The Context of Your Story

Genesis 25:21-28

[21] And Isaac prayed to the LORD for his wife, because she was barren. And the LORD granted his prayer, and Rebekah his wife conceived. [22] The children struggled together within her, and she said, “If it is thus, why is this happening to me?” So she went to inquire of the LORD. [23] And the LORD said to her,
“Two nations are in your womb,
and two peoples from within you shall be divided;
the one shall be stronger than the other,
the older shall serve the younger.”
[24] When her days to give birth were completed, behold, there were twins in her womb. [25] The first came out red, all his body like a hairy cloak, so they called his name Esau. [26] Afterward his brother came out with his hand holding Esau’s heel, so his name was called Jacob. Isaac was sixty years old when she bore them.
[27] When the boys grew up, Esau was a skillful hunter, a man of the field, while Jacob was a quiet man, dwelling in tents. [28] Isaac loved Esau because he ate of his game, but Rebekah loved Jacob. (ESV)
The significance of nature.
The significance of nurture.

The Struggle of Your Story

Genesis 32:22-25

[24] And Jacob was left alone. And a man wrestled with him until the breaking of the day. [25] When the man saw that he did not prevail against Jacob, he touched his hip socket, and Jacob’s hip was put out of joint as he wrestled with him. (ESV)
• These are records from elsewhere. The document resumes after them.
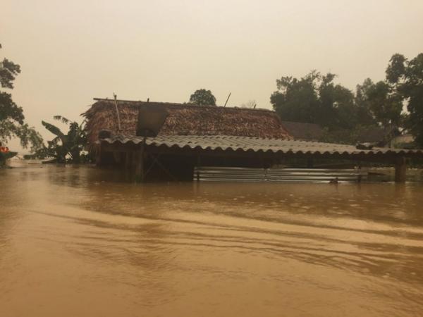 Theo thống kê tại xã Hương Giang có 330 hộ bị nước ngập vào nhà, trong đó có nhà nước ngập tận nóc.
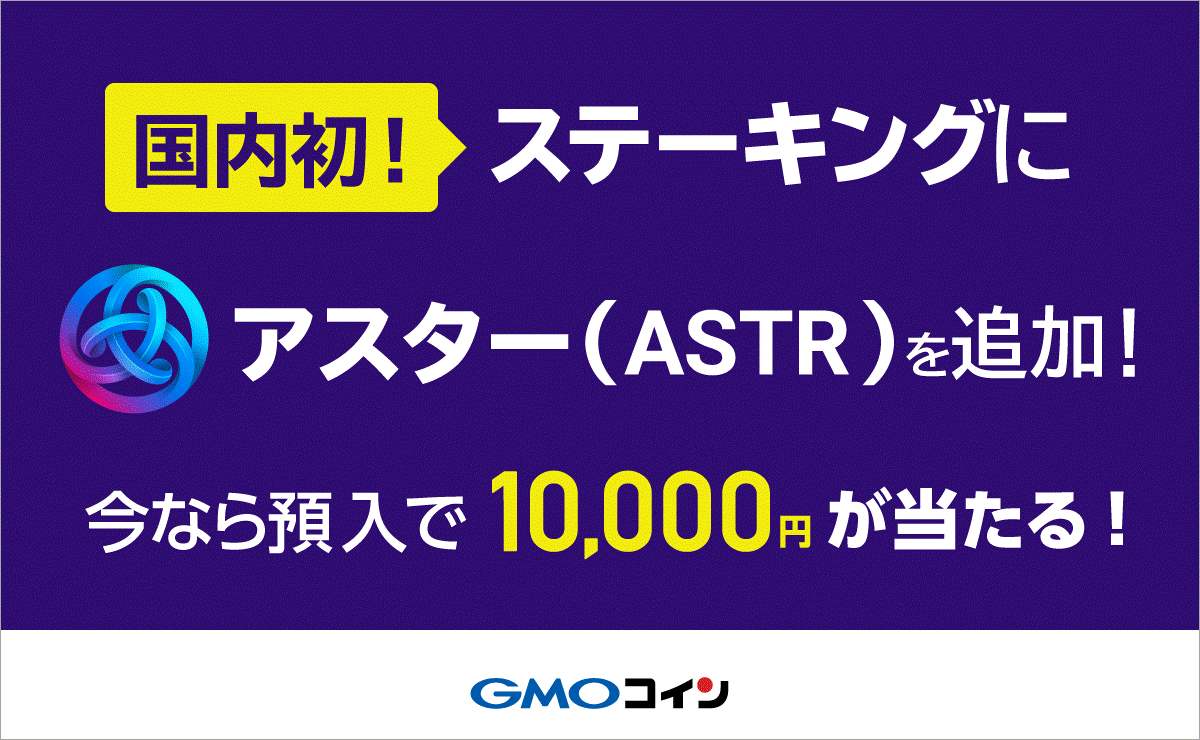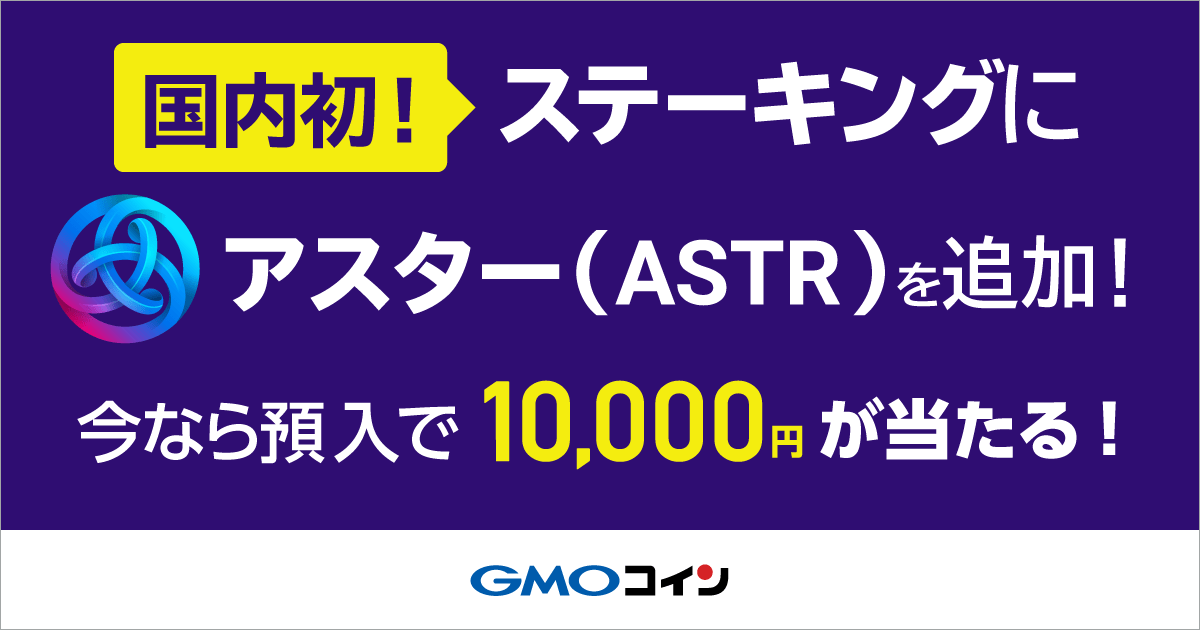 また、国内初となるアスター(ASTR)の「ステーキング」追加を記念して、期間中にGMOコインにおいて「500 ASTR以上」お預入いただいたお客さまを対象に、抽選で100名様に現金1万円をプレゼントするキャンペーンを開催いたします。
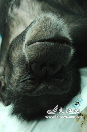 19時30分許,手術(shù)完畢。此時黑猩猩靜靜地躺在籠中,麻醉藥還未散去。
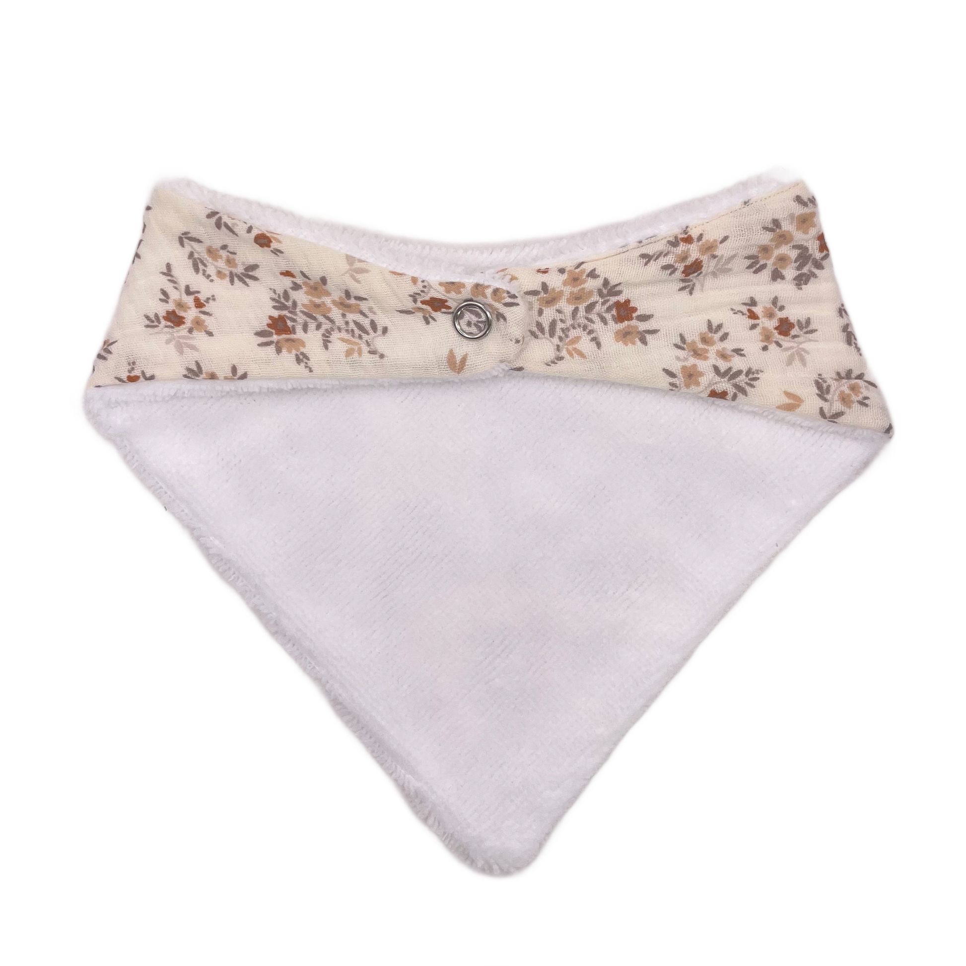 Confectionné en tissu Oeko-Tex certifié, il allie douceur et responsabilité. Son intérieur en éponge ultra-absorbante protège efficacement les vêtements de bébé, tandis que sa fermeture par bouton pression assure un ajustement parfait et sécurisé. Pratique, confortable et fabriqué avec soin, ce bavoir bandana est l'accessoire indispensable pour les repas en toute sérénité.

Do you know who you’re fighting?

The conflict brought to a head the battling and groping of a lifetime, and Jacob’s desperate embrace vividly expressed his ambivalent attitude to God, of love and enmity, defiance and dependence. It was against him, not Esau or Laban, that he had been pitting his strength, as he now discovered; yet the initiative had been God’s, as it was this night, to chasten his pride and challenge his tenacity. – Derek Kidner


The Transformation of Your Story

Genesis 32:26-32

And here we discover Jacob’s heart-attitude in the God-given interpretation of the story provided us in Hosea 12:4: “He strove with the angel and prevailed; he wept and sought his favor.” It was not from proud dominance that Jacob asked for blessing, but with tears. His request came when he was at the end of himself, helpless. “I will not let you go unless you bless me” was a tear-choked plea. – Kent Hughes

Wait, Jacob won?

Weakness is the Way to Winning

Philippians 2:5-11

[5] Have this mind among yourselves, which is yours in Christ Jesus, [6] who, though he was in the form of God, did not count equality with God a thing to be grasped, [7] but emptied himself, by taking the form of a servant, being born in the likeness of men. [8] And being found in human form, he humbled himself by becoming obedient to the point of death, even death on a cross. [9] Therefore God has highly exalted him and bestowed on him the name that is above every name, [10] so that at the name of Jesus every knee should bow, in heaven and on earth and under the earth, [11] and every tongue confess that Jesus Christ is Lord, to the glory of God the Father. 

We are limping with God, however, not from him, to him, or apart from him. With him. And, if our eyes could only see the unseen, we would realize that we are being borne along by hands that still bear the scars of a sacrifice joyfully made for us. – Chad Bird, Limping with God


How will you respond?

get Alone

get Honest

get Writing


A Prayer for Salvation

“Heavenly Father, I admit that I am weaker and more sinful than I ever before believed, but through your Son Jesus I can be more loved and accepted than I ever dared hope. I thank you that he lived the life I should have lived and paid the debt and punishment I owed. Receive me now for his sake. I turn from my sins and receive him as Savior. Amen.”